BEGIN Information shown
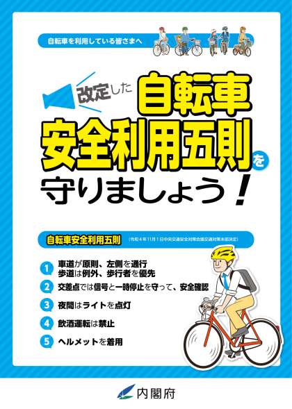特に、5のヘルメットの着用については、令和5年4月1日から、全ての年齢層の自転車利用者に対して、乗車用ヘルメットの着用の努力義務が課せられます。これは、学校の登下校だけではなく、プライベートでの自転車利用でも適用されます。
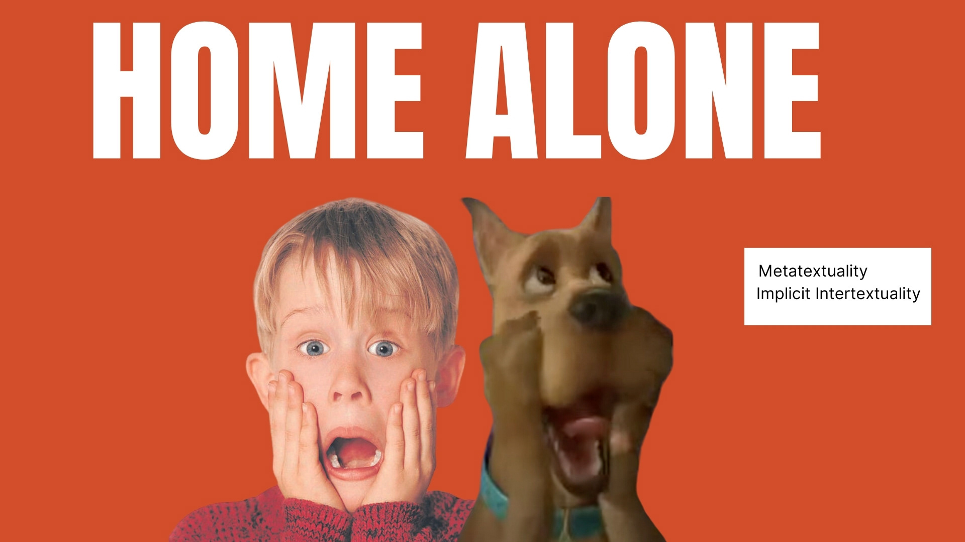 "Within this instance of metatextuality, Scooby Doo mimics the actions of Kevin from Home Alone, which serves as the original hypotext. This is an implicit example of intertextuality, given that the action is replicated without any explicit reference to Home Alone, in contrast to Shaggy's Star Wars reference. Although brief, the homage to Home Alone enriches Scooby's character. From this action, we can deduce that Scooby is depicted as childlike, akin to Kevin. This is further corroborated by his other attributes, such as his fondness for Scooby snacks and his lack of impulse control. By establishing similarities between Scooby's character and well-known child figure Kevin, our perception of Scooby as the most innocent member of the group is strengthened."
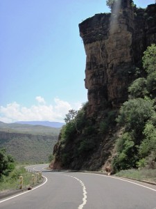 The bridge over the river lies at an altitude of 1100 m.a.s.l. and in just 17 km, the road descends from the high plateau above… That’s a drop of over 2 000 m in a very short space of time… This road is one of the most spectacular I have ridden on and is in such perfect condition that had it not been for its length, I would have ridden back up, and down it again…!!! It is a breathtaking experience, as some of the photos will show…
END Information shown
Work request –
When you copy the data above, keep each line exact and omit the pictures.

Response for this exercise –
特に、5のヘルメットの着用については、令和5年4月1日から、全ての年齢層の自転車利用者に対して、乗車用ヘルメットの着用の努力義務が課せられます。これは、学校の登下校だけではなく、プライベートでの自転車利用でも適用されます。
 "Within this instance of metatextuality, Scooby Doo mimics the actions of Kevin from Home Alone, which serves as the original hypotext. This is an implicit example of intertextuality, given that the action is replicated without any explicit reference to Home Alone, in contrast to Shaggy's Star Wars reference. Although brief, the homage to Home Alone enriches Scooby's character. From this action, we can deduce that Scooby is depicted as childlike, akin to Kevin. This is further corroborated by his other attributes, such as his fondness for Scooby snacks and his lack of impulse control. By establishing similarities between Scooby's character and well-known child figure Kevin, our perception of Scooby as the most innocent member of the group is strengthened."
 The bridge over the river lies at an altitude of 1100 m.a.s.l. and in just 17 km, the road descends from the high plateau above… That’s a drop of over 2 000 m in a very short space of time… This road is one of the most spectacular I have ridden on and is in such perfect condition that had it not been for its length, I would have ridden back up, and down it again…!!! It is a breathtaking experience, as some of the photos will show…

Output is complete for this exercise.